Hacker News new | ask | show | jobs
by montanalow 4345 days ago
About 2 hours. The regex is IO bound, on a text column with 87GB + 68GB postgres toast. It's on a new 1TB 3k iops EC2/EBS ssd volume, which seems to be able to sustain about 20MB/s.
1 comments

20MB/sec is pretty dreadful, and 2 hours is not timely for that quantity of data.

I'm guessing you're paying a high price for the convenience of using a database? The kind of query you did, I'd run using grep on the command line source, possibly combined with a summarizing program written in Ruby.

I love the power of the unix shell. find | cat | grep would get the job done just as well if you had all the source in an accessible file tree, but I don't think you'd see any performance increase as the bottleneck is still random reads from EBS.

The single 3k iops EBS volume being used delivers a max theoretical speed of 24MB/s with 8k pages. I'm fine living with 20MB/s in practice.

In fact, postgres does inline (de)compression and optimizes for sequential reads, so it's likely the shell would be slower for this workload given the apples to oranges characteristics. I'd love to see any performance tests making this sort of comparison, they're always educational.

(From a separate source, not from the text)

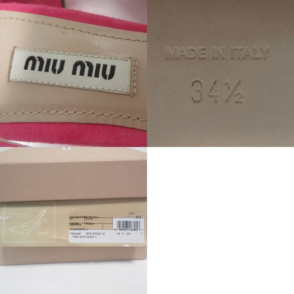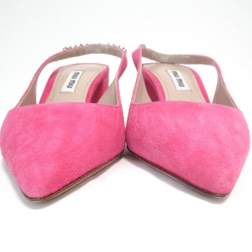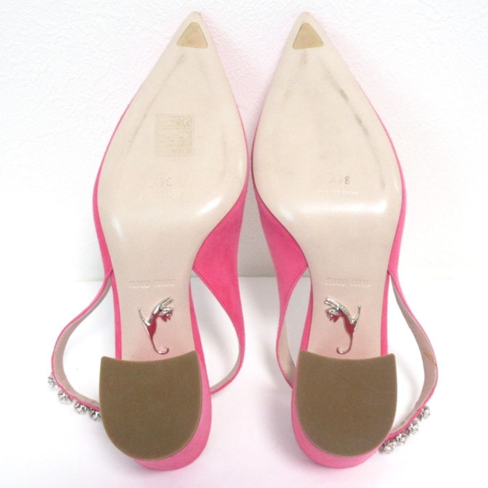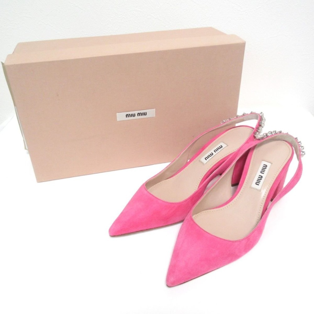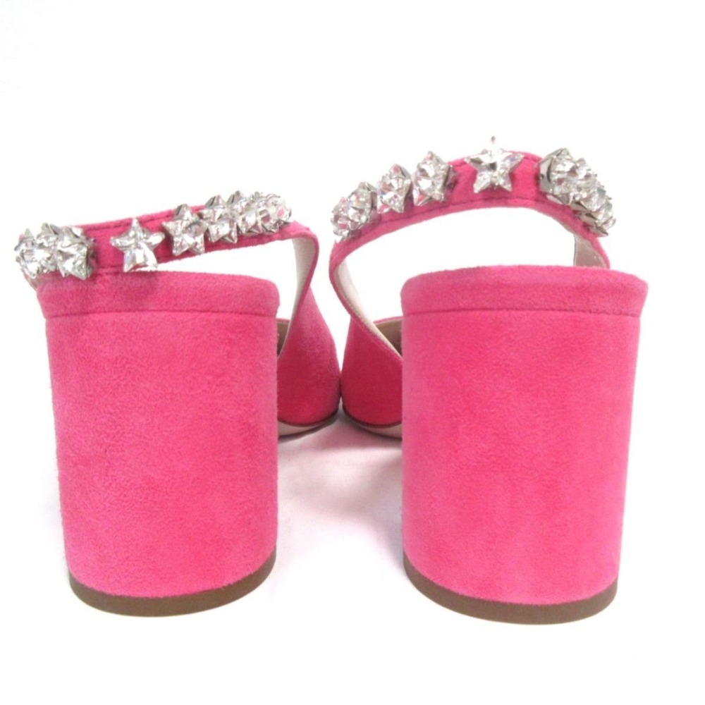 商品名:MIUMIU ミュウミュウ スエード ビジュー バックストラップ チャンキーヒール ミュール サンダル 34 1/2 21.5cm相当 ピンク

Even with a database it's dreadful. At 20MB/sec they need to value the time they have to wait very low before it'd be cheaper/faster to buy a small server outright and put a couple of ssd's in it if they do this kind of analysis more than a couple of times.

Or even load it up with enough memory to keep everything in RAM during normal operations. I can't remember the last time I worked on a system that did less than a couple of hundred MB/sec... And we generally buy servers in the $3k-$6k range, so nothing ridiculous.

Probably even faster using LC_ALL=C and parallel grep [0]

[0] http://www.gnu.org/software/parallel/man.html#example__paral...